The wind carries dust through the empty mansions in the ghost town in Shenyang, north of Beijing. Cattle roam the streets where upper-class residents were supposed to stroll.
This is not unusual. In China some 65 million homes sit empty — victims of the real estate drive that underlay the country’s economy.
In China, a number of walls are closing in — and they have nothing to do with external military competition.
There was a time in Japan which people referred to as the “Lost Generation”; pundits in China are referring to their plight as the “Last Generation.”
And nothing in this dark picture is anything for the West to celebrate, because a desperate China is not in anyone’s interests.
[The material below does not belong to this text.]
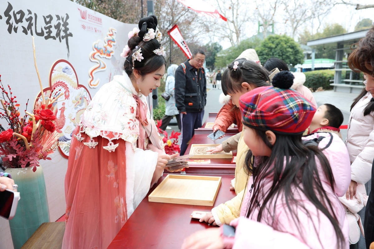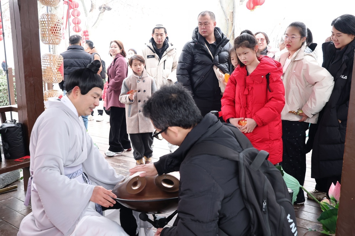 “屈原”点位前,“诗一签,福一年”吸引不少诗词爱好者;游客抽取诗词签对出下句,赢取“诗礼之瑞”。“伯牙”处空灵手碟声此起彼伏,挑战者凝神敲击,奏响新年“知音”;“织女”的凤凰图腾拼图前排起长龙,孩子们瞪大眼睛记图案,小手飞快拼合;“楚王”投壶区喝彩不断,五箭中三者自豪挥拳;“凤女”猜谜对诗更是欢声笑语。

First, the demographics is a nightmare. In the coming two decades its working-class population will drop to 773-million — China will lose a number of workers equal to the entire population of Brazil. The under-14 population is also going to fall, so there will be few people to replace the workers. Because of government policy — the one-child population control regulation — it has a dearth of women, and the women it does have seem to be disinclined to want children (two-thirds have expressed “low birth desire”). Fertility rates in Beijing and Shanghai have fallen to the lowest in the world.
In parallel China has exaggerated school enrolment data for economic purposes; Jieshu City in Anui reported 50,000 students when the actual number was 36,000 — but money for educational subsidies is based on the number of students. A middle school in Hubei province reported 3,000 students but the real number was 700.